The consideration, then, is future. It is well the Future is a wealthy banker. Many and heavy drafts are made upon him-so many and so heavy, indeed, that the only matter of surprise is, that they are so often honored. Extraordinary privileges of the kind claimed, however, are accorded to no person, at any age; and every man during every portion of his life employs more rather than less than the privileges rightly belonging to him. The Future possesses no greater license than is requisite for itself. To borrow license from it is absurd.
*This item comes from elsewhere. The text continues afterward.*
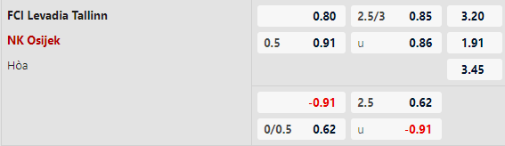Đã có 6 bàn thắng được ghi trong trận lượt đi, Levadia Tallinn không còn gì để mất nhiều khả năng sẽ chơi tất tay ở trận này. Trong khi đó Osijek đều ghi được bàn trong 5 trận đấu gần đây. Lót Tài là rất sáng.

Privileges should be granted to those who need them. The idea of favor received indicates inferiority. Give dainty viands to the effeminate; the strong man is better without them. The collegian should be, if he is not, this stout man who scorns to be the recipient of paltry favors. Indeed, he should need less rather than more privileges than others enjoy. The examples of antiquity should teach him true manliFrom these he should learn the stern excellences of the Roman, and the tender refinement of the Greek; and with both he should blend the more practical sense of the present.

ness.

To the Intellectual, the true student fills a beaker to the brim, and quaffs right heartily to this the fairest and the truest mistress. But if we are intellectual men, we are no less imperatively called upon to honor every dictate of conscience, every law of the land, than the most ignorant Caffre. Nor if both the intellectual and moral responsibilities which devolve upon us are honored, are we set free from our obligations as social beings. To perform a certain class of duties, does not make another class less obligatory. The complete man is not only intellectual, but he is also a moral and a social being.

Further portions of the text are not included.